Todos falam nele e dele quando as coisas não andam bem, mas ninguém realmente o
conhece. Apesar desse anonimato, não me cansarei de procurá-lo, por mais
difícil que possa parecer. Venho do tempo em que ele não existia e o mundo real
era concreto. A gente sempre encontrava alguém, um bode expiatório para
projetarmos nossas neuras. Era ali mesmo, “pei-bufo”! Agora, tudo mudou. As
pessoas se escondem por trás de um personagem que nunca dá as caras. Sentem-se
bem à vontade para atribuir a ele todas as falhas no desenrolar dos
procedimentos. Ora o Sistema está lento, ora inoperante ou mesmo travado.

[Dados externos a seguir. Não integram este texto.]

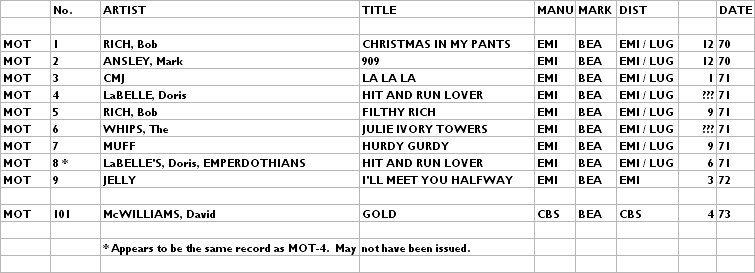 in the MOT-0s have matrix numbers that are taken from Beacon's main 45-000 series. Mother records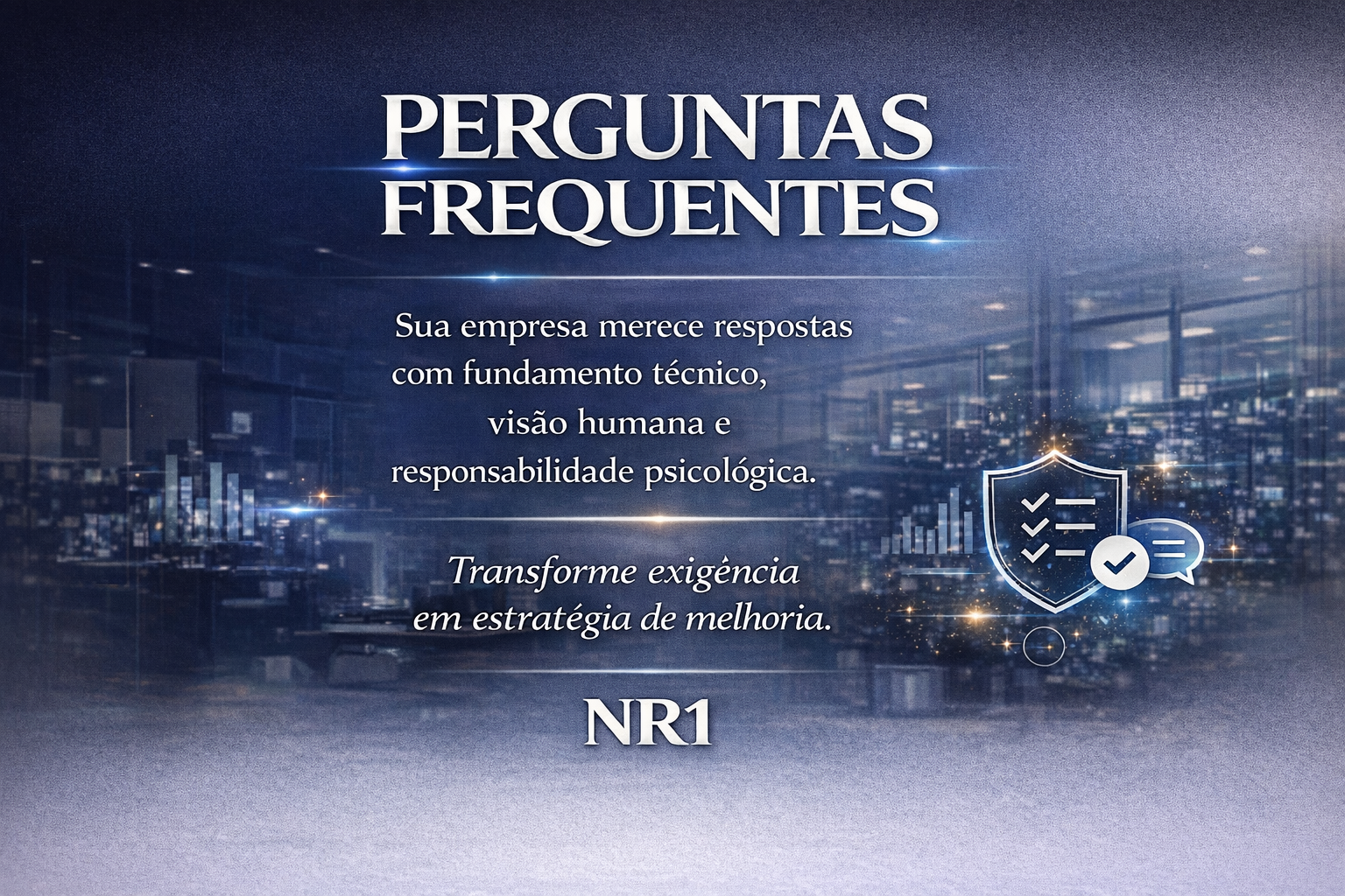 Nossa missão é reforçar sua estrutura organizacional, garantindo que sua empresa esteja — e permaneça — plenamente amparada pela legislação NR-1, com respaldo psicológico e jurídico seguro, responsável e tecnicamente fundamentado, sempre em conformidade com a nova regulamentação.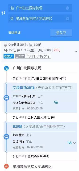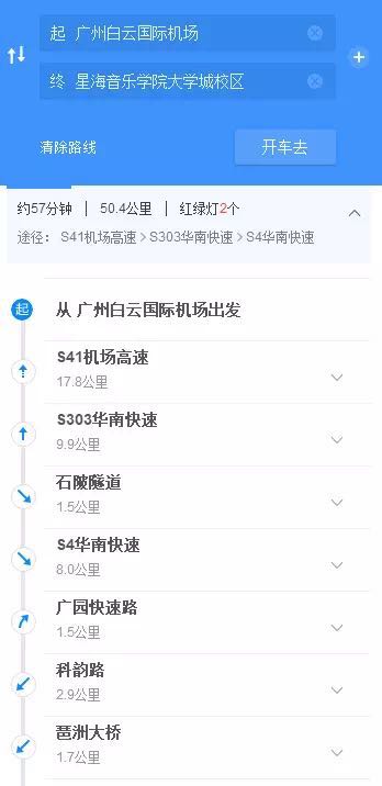 S41機場高速→S303華南快速→石陂隧道→S4華南快速→小洲東路→小洲路→大學城外環(huán)西路→星海音樂學院大學城校區(qū)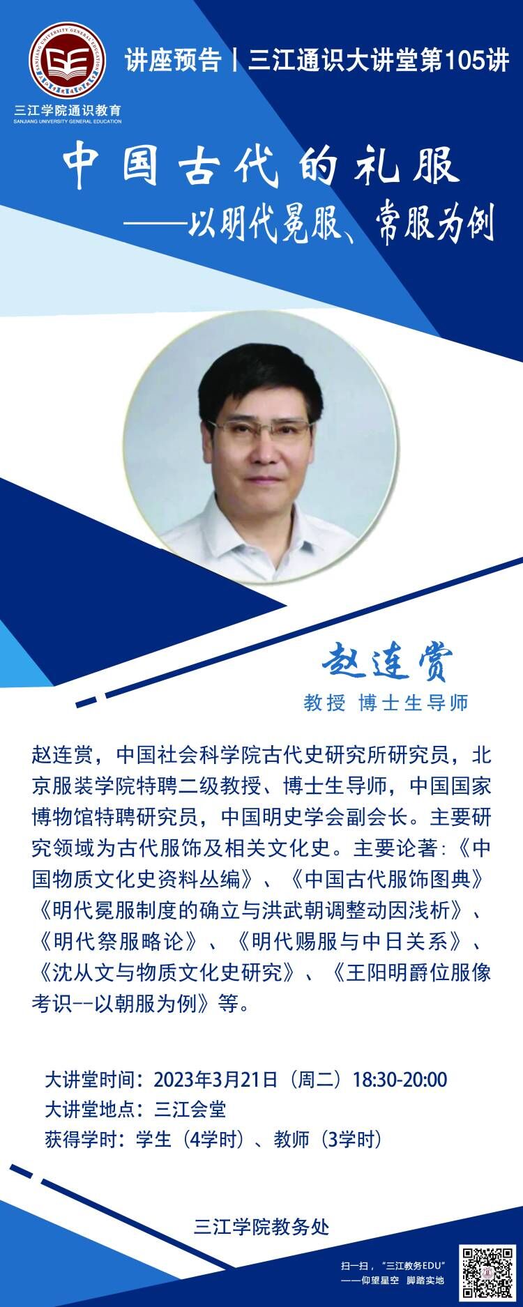 大讲堂专家:赵连赏,中国社会科学院古代史研究所研究员,北京服装学院特聘二级教授、博士生导师,中国国家博物馆特聘研究员,中国明史学会副会长。主要研究领域为古代服饰及相关文化史。主要论著:《中国物质文化史资料丛编》《中国古代服饰图典》《明代冕服制度的确立与洪武朝调整动因浅析》《明代祭服略论》《明代赐服与中日关系》《沈从文与物质文化史研究》《王阳明爵位服像考识--以朝服为例》等。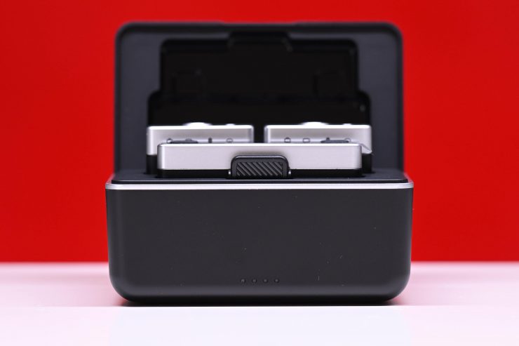 The charging case not only automatically charges the two TX units and the RX unit as soon as you put them inside, but it also makes for a nice compact storage solution as well.
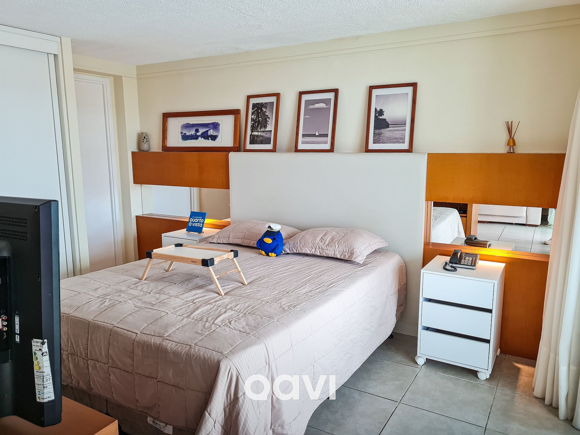 - Suíte: Cama Queen de casal, ar-condicionado, mesas de cabeceira, TV, guarda roupa , sofá-cama casal e banheiro completo.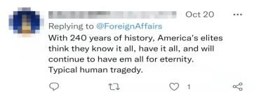 “僅有240年歷史的美國(guó)精英們認(rèn)為他們知道一切、擁有一切,并將永遠(yuǎn)擁有一切。典型的人間悲劇?!?/span>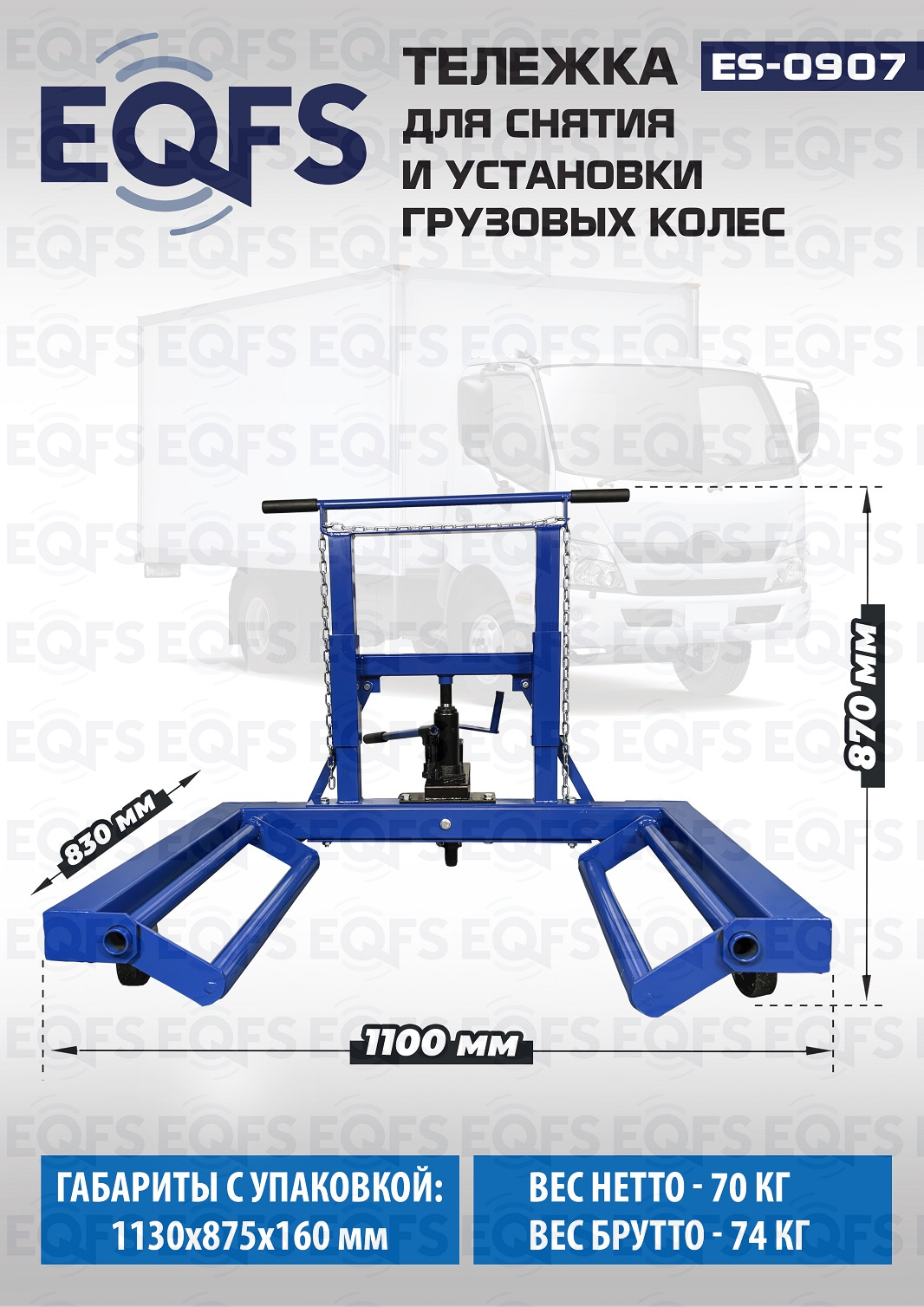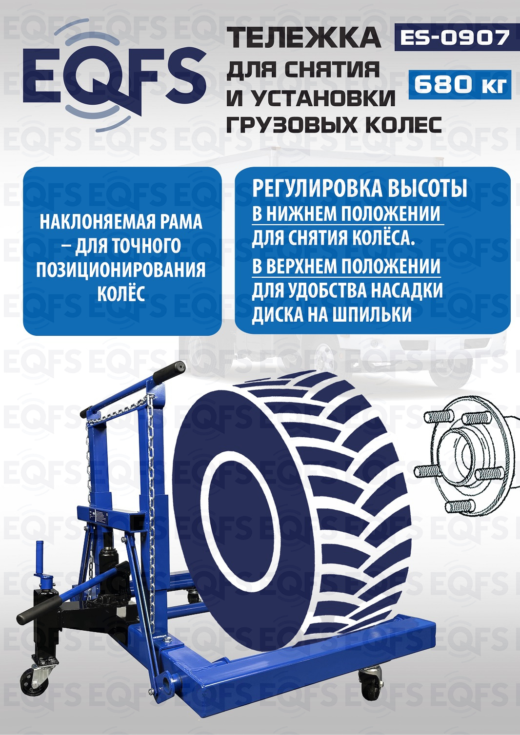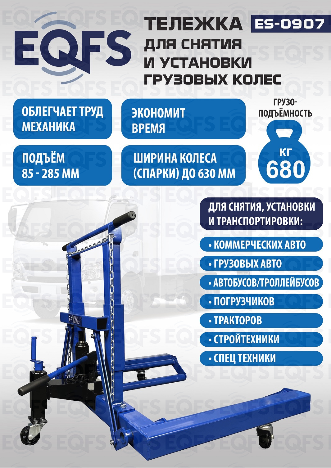 Облегчает труд механика. Простая в эксплуатации, маневренная и удобна в перемещении по любой поверхности. Тележка оборудована страховочными цепями для предотвращения падения колеса. Для снятия и транспортировки колес и колесных пар грузовых автомобилей, автобусов, специальной техники. Максимальная грузоподъемность 680кг. Мин / макс высота подъема 85 - 285 мм.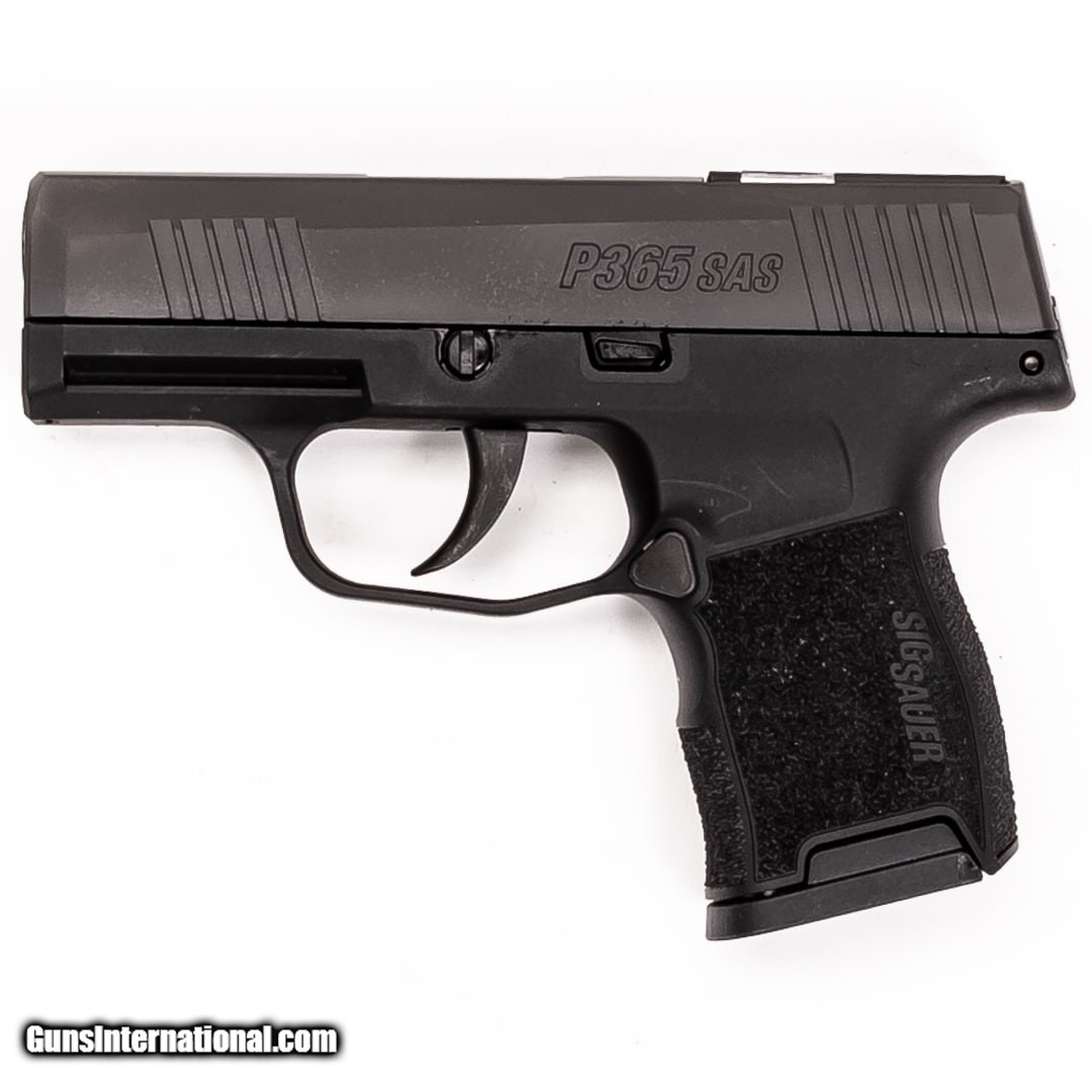 Description: Guns Listing ID: 335759 For sale is a Sig Sauer P365 SAS chambered in 9mm. It\"s an award-winning handgun and an excellent option for personal protection. This P365 SAS is in very good condition and comes with the original case, manual, and three 10-round magazines. SOLD Manufacturer: SIG SAUER Model: P365 SAS Caliber Info: 9MM LUGER (9X19 PARA) Condition: Used - Certified Barrels: 3.1 BARREL Finish: BLACK |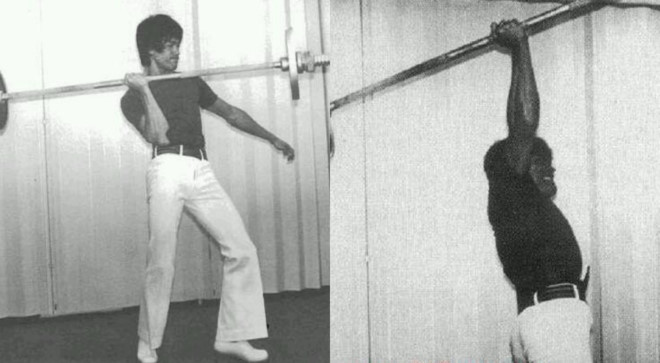 Trong những tấm ảnh này có thể thấy Lý Tiểu Long dùng một tay nhấc tạ nặng 34 kg. Sau đó, nam diễn viên còn tạo tư thế giơ tay thẳng trong 20 giây.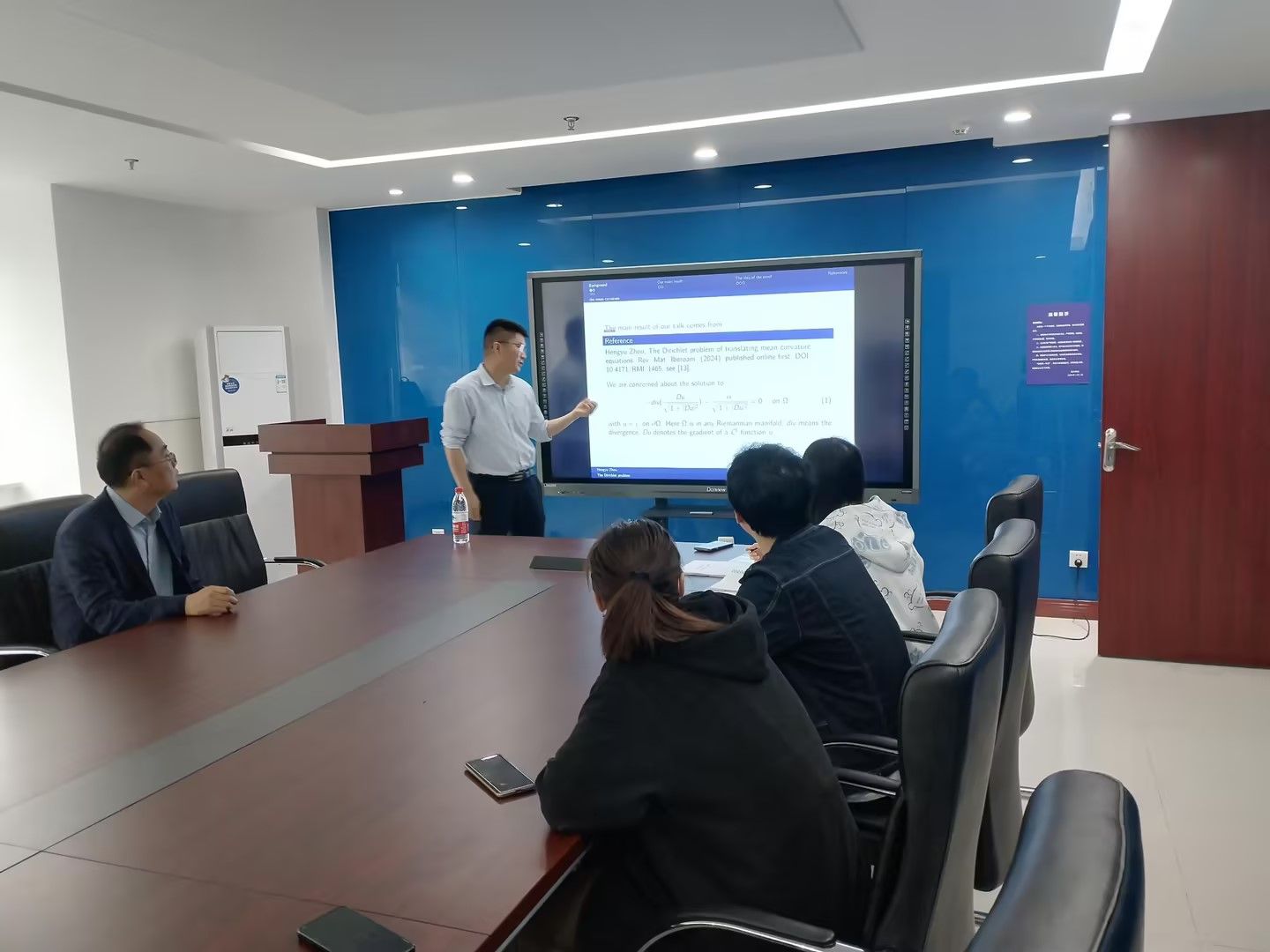 周恒宇教授讲授了平移平均曲率方程Dirichlet问题的一个结果。首先证明了如果一个域是平均凸的,并且它的闭包不包含任何闭的极小超曲面,则平移平均曲率方程的Dirichlet问题具有经典解。平移平均曲率方程的主要困难是不存在预先估计。克服这个困难主要工具是BV函数,这是Giusti的一种广义求解方法。这项工作将出现在REVISTA MATEMATICA IBEROMERICANA上。在报告结束后,师生提出有关报告的相关疑问,周恒宇教授一一解答,此次学术交流的顺利开展对我院相关领域的师生具有重要的科研意义。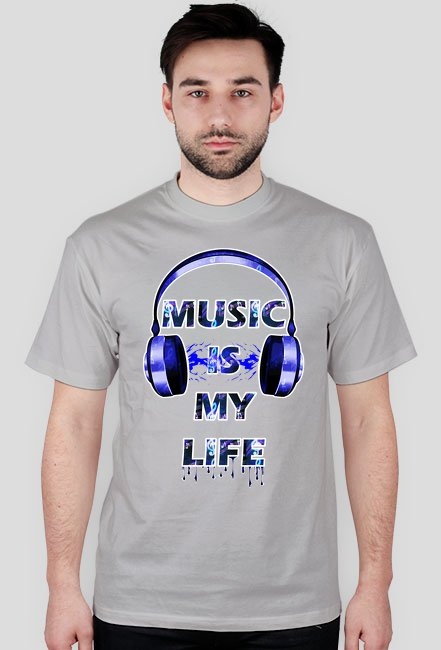 Koszulka Music is my life z kolekcji dla Niego. Muzyczna koszulka dla lubiących dobre brzmienie na słuchawkach.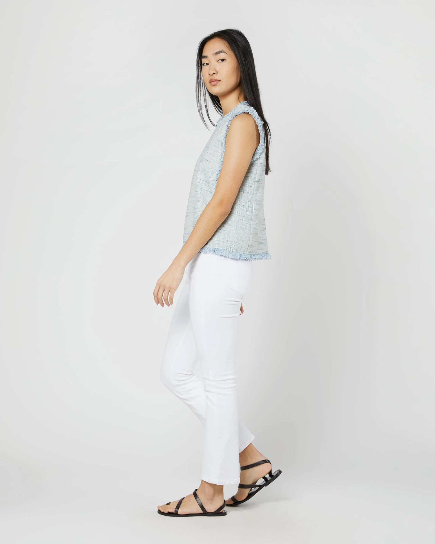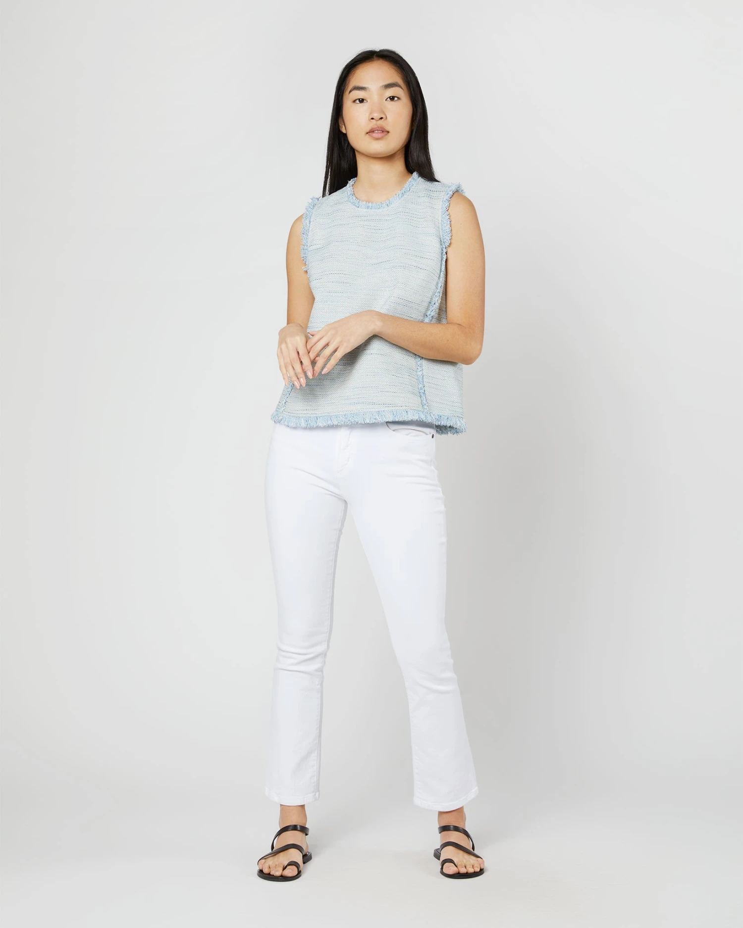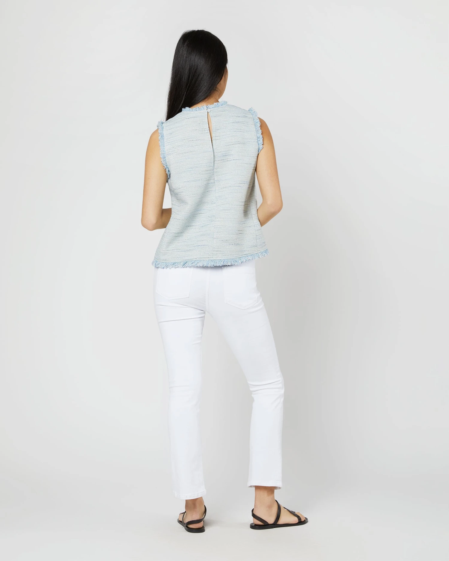 Your next day-to-night, goes-with-everything top, made from a lightweight tweed in the prettiest shade of sky blue. A perfect companion to your favorite white jeans.

Lentidão, preguiça, indisposição e outros sentimentos humanos são agora de
responsabilidade do senhor Sistema. Ele trava e entrava tudo e todos. Sempre
que ouço seu nome, percebo quão impotente sou diante de um mundo informatizado
e dominado por um ser que beira o sobrenatural.
De onde saiu esse tal Sistema que me aporrinha o juízo e mexe tanto com
meu sistema nervoso?
Outro
dia, uma moça do telemarketing ligou para minha casa. Quando atendi, ela
informou ser da companhia telefônica, mas que eu considerasse a ligação sem
efeito, pois o Sistema naquele momento estava inoperante, ao que respondi: “E
eu com isso? Quem sabe com Viagra ele melhore...”
Eis
porque, quando nos encontrarmos, vou lhe jogar na cara toda minha
indignação. Meu íntimo cão raivoso vem
arquitetando ameaças terríveis contra o Sistema e pretende colocá-las em
prática, não importa onde ou em que momento. Partirei para cima dele sem
compaixão e por mais que se debata, recordarei quantas vezes me deixou
esperando, sem notícias e sem desculpas.
Após esta catarse, como não tenho por hábito guardar rancor, cairei em
seus braços, em um deleite supremo, sem reservas. Afinal, ele faz parte da
realidade presente e futura. Não serei tola em romper uma relação mal começada.
Daqui algum tempo, sem ele eu talvez nem encontre o caminho de volta para casa.